Recording Police and Security Guards

As stated earlier in this blog, I do not discuss my political views in my Cartooning and Drawing classes; that would be very inappropriate. However, I feel it is crucial for artists to know their rights, to know how to protect them and stand up for them, or else others will dictate what those rights are. Click HERE for an explanation of the Protecting Freedom category in this blog.

The website Reason Magazine has an article about recording encounters with police and security guards, an issue that is heating up with several states pressing charges against civilians who record their encounters with the police. If you are taking pictures, or even sketching a building, there is a growing chance that you will be questioned or even hassled by either police or security guards. With recording devices becoming more common, some (I say some, not all) authorities are chafing at the accountability they face when confronted with video evidence of excessive behavior. Courts are less willing to give the police the benefit of the doubt, especially when confronted by video. As a photographer myself, this is an issue that I am following very closely.

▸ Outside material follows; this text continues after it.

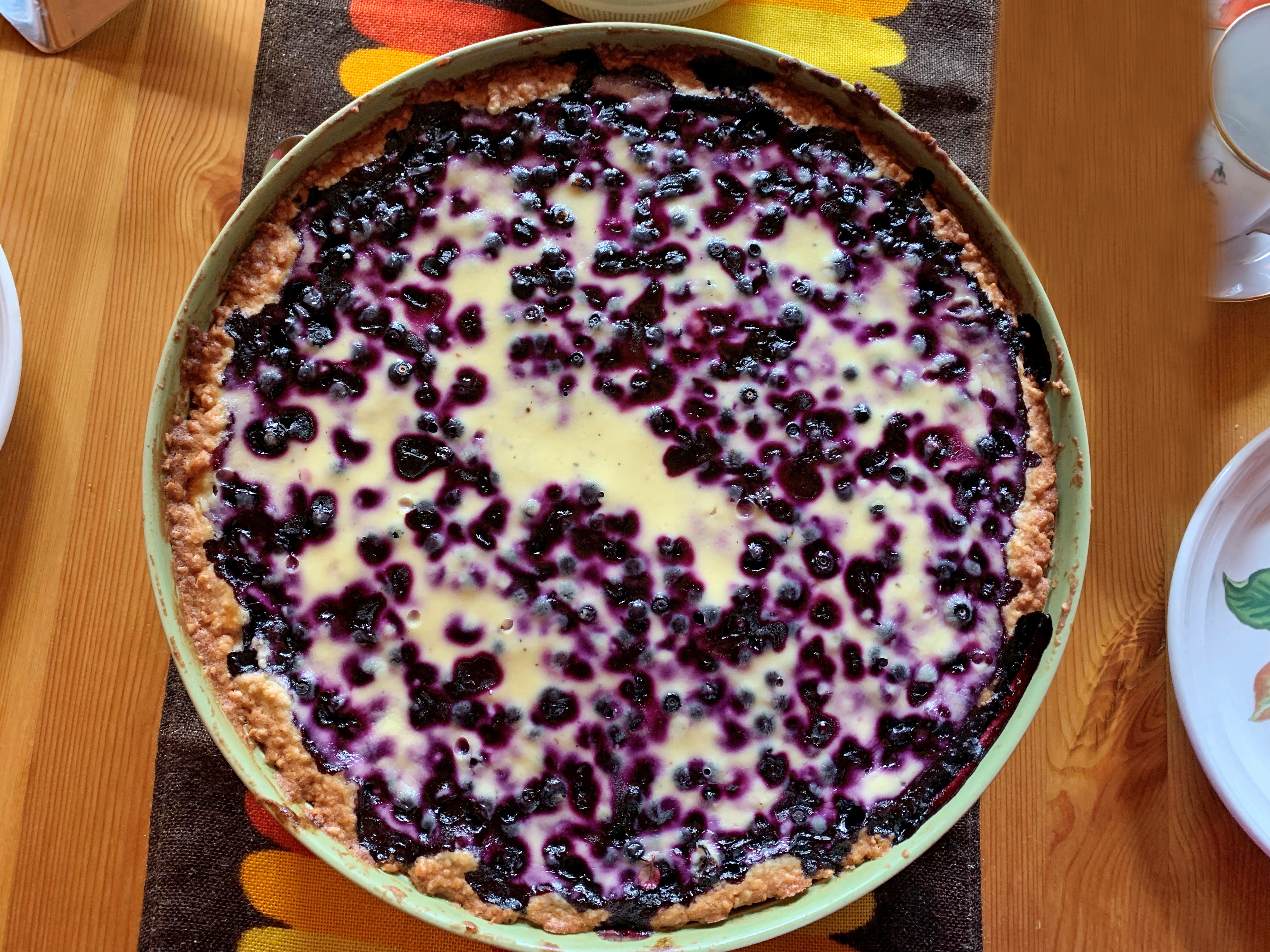 - 3–4 dl Heidelbeeren auf den Teig geben
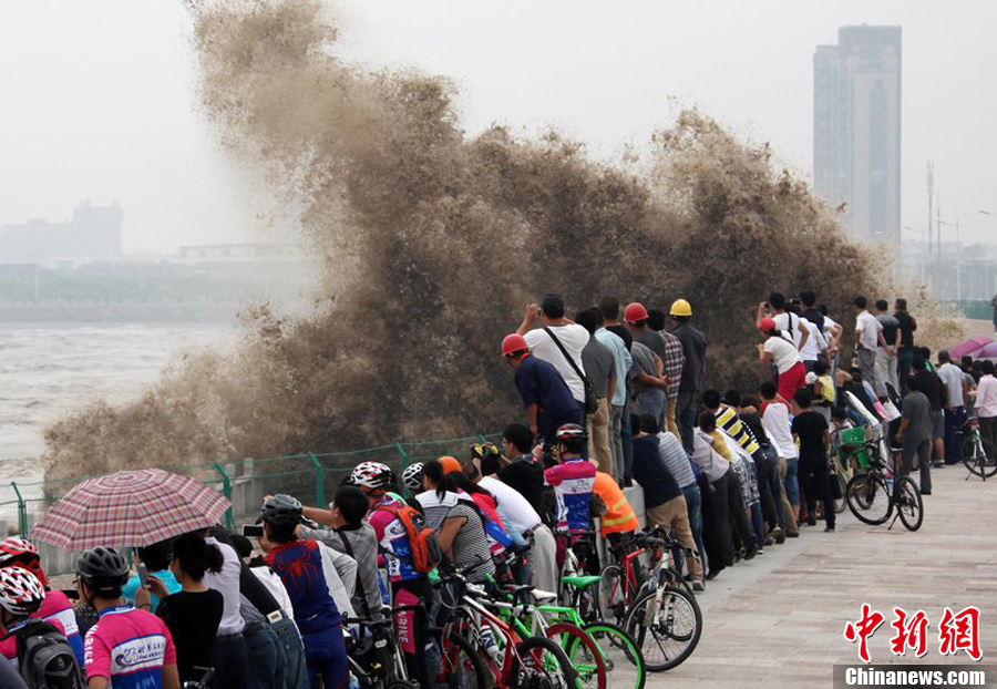 浙江海宁秋潮凶猛壮观

But what is the best way to videotape your encounters, and is it ethical? The same devices that can be used to provide accountability over our government can also be used for less noble purposes. Reason Magazine's article How to Record the Police examines the technology to record encounters with authority. It's worth a read.

Also worth reading is the website from the non-profit group Flex Your Rights, which educates the public about their rights when dealing with law enforcement.

It bears repeating: the rights you have, you have because people fought for them. Do not take them for granted.